Rutgers Scarlet Knights football
|Rutgers Scarlet Knights football|
|Athletic director||Julie Hermann|
|Head coach||Kyle Flood
2nd year, 13–6 (.684)
|Home stadium||High Point Solutions Stadium|
|Stadium surface||Field Turf|
|Location||Piscataway, New Jersey|
|Conference||American Athletic Conference|
|All-time record||626–606–42 (.508)|
|Postseason bowl record||5–3|
|Claimed national titles||1 (1869)|
|Conference titles||3 (Middle Atlantic)
1 (Big East)
|Fight song||The Bells Must Ring|
|Marching band||Marching Scarlet Knights|
|Rivals||Army Black Knights
Princeton Tigers (historical/defunct)
Maryland Terrapins (future end-of-season game)
|Website||Rutgers Scarlet Knights|
The Rutgers Scarlet Knights football team represents Rutgers, the State University of New Jersey in the Football Bowl Subdivision (FBS) of the National Collegiate Athletics Association (NCAA). The team competes in the American Athletic Conference (formerly the Big East), of which it has been a football member since 1991, however, Rutgers has announced that it will join the Big Ten Conference beginning with the 2014 season. Rutgers plays its home games at High Point Solutions Stadium, located on the university's Piscataway, New Jersey campus. The team is currently coached by Kyle Flood.

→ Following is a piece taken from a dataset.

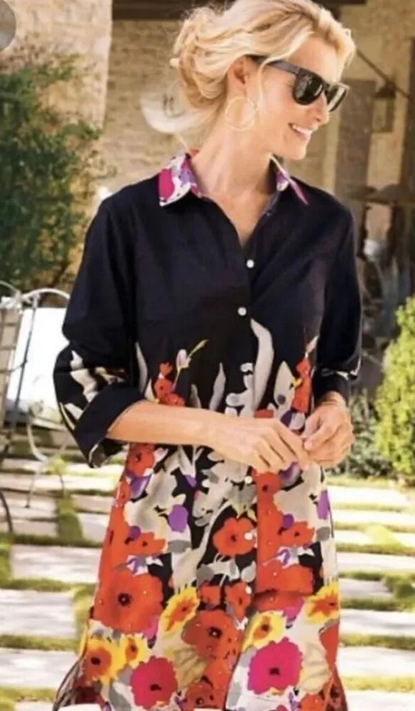 Soft Surroundings Black Bohemian Floral Embellished Cotton Button Down Shirt Dress SZ PL #2424 Preow... Show more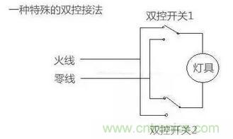 雙控開關有很多種接線方式,如果電工采用了下麵這種接線方法,就會關燈後發微光。

The Rutgers University football program is considered to be one of the most historic programs in the country. In 1869, Rutgers defeated Princeton University by a score of 6 to 4 in what is considered to be the first ever intercollegiate football game. For this reason, Rutgers has been affectionately described as "The Birthplace of College Football." The team currently holds an all-time record of 626–606–42, giving Rutgers the 38th most victories among NCAA FBS programs. Since 2005, Rutgers has appeared in seven bowl games, of which it has won five.
College Football is Born: The First Season (1869)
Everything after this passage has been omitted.